Dayglen went down to the river to scoop water and Feynrick did his piss-barking best to watch the fire as Lady Ella stripped behind him, complaining loudly of how cold her underskirts were. “They’re dry at least, ain’t they?” he asked as she stepped back into the firelight.
“Marginally,” she said, arranging herself as only a Worldsmouth woman could on the hard ground. Lady Ella was a rebel sure enough, and a hard woman to judge from the way she killed Broken, but there was no denying she was a Worldsmouth lady too. Just look at how much she had to fidget on that mud—wasn’t doing anything but getting her fine dress dirtier. A Yatiwoman, now, they learned to appreciate a patch of mud betimes.

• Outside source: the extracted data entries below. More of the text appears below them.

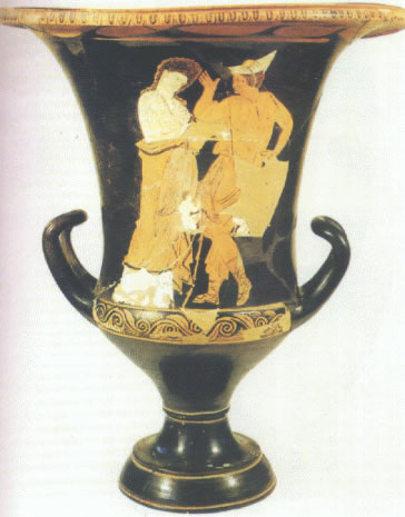 Vase à orifice large, à deux anses, utilisé pour le mélange de l'eau et du vin.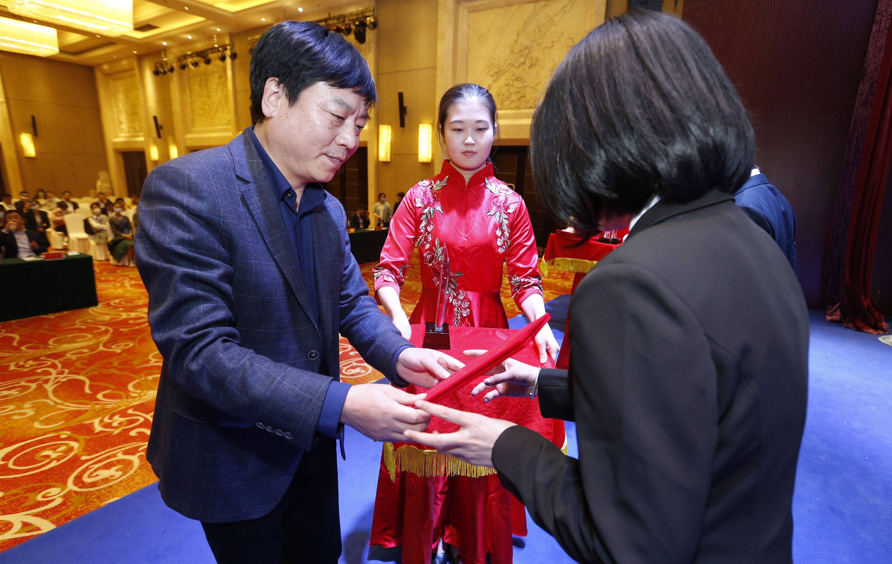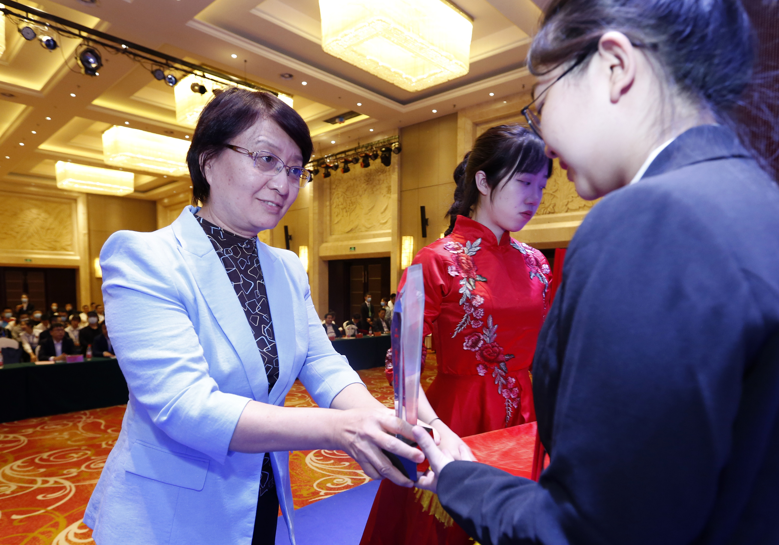 河北中華職業教育社專職副主任崔芳為獲獎團隊頒獎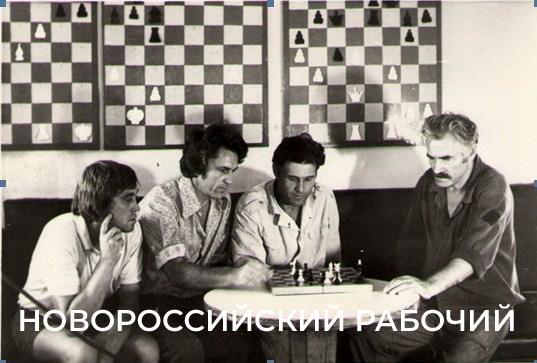 Команда т/х «Пхеньян» за анализом партии: матрос В. Новиков, электромеханик Л. Зелёный, боцман П. Павлюк, старший машинист В. Костюченко. Фотографии из личного архива Леонида Зелёного.Противостояние новороссийских и одесских моряков началось в далекие 60-е годы прошлого века, когда в наш город из Одессы перевели танкерное отделение Черноморского морского пароходства, которое в 1976 году и стало самостоятельным предприятиям – Новороссийским морским пароходством. Одесситы ревниво относились к любым успехам бывшего филиала, и негласная борьба за первенство шла не только в труде, но даже в шахматах.

Dayglen came back and set the cup in the fire to boil. “How’d the rest of the town look?” the Achuri man asked. The former thug was the handsomer of the two men, Feynrick had to admit, though Feynrick had experience. Women appreciated experience.
Not that it mattered. But competing for a lady’s attention was a grand old way to pass the time.
“Bad,” Lady Ella said. “Or good, from our perspective. I didn’t go into the army camp but it looked half-destroyed, and some of the Broken brawlers got into the town too. Houses were smashed, roofs caved in—it’s amazing what the Broken can do, even without guidance.”
Feynrick grinned. “Did our work for us, far as I can see. Lot of packing up in the army camp then?”
She nodded. “Speaking of which, what happened between you and Riker?”
So the lass remembered the gusto with which he’d clocked the old boarscock. “Oh, just an old bone. Riker tended to think redhairs wasn’t worth pissing on, and I tended to disagree despite my station, and betimes those disagreements didn’t end pretty. Story I told him about how I got to Ayugen wasn’t all wrong, though I ended up working for Coldferth rather than your ladyship.”
The lady snorted. “I’m no lady. Had about enough ladying this afternoon to last a decade.”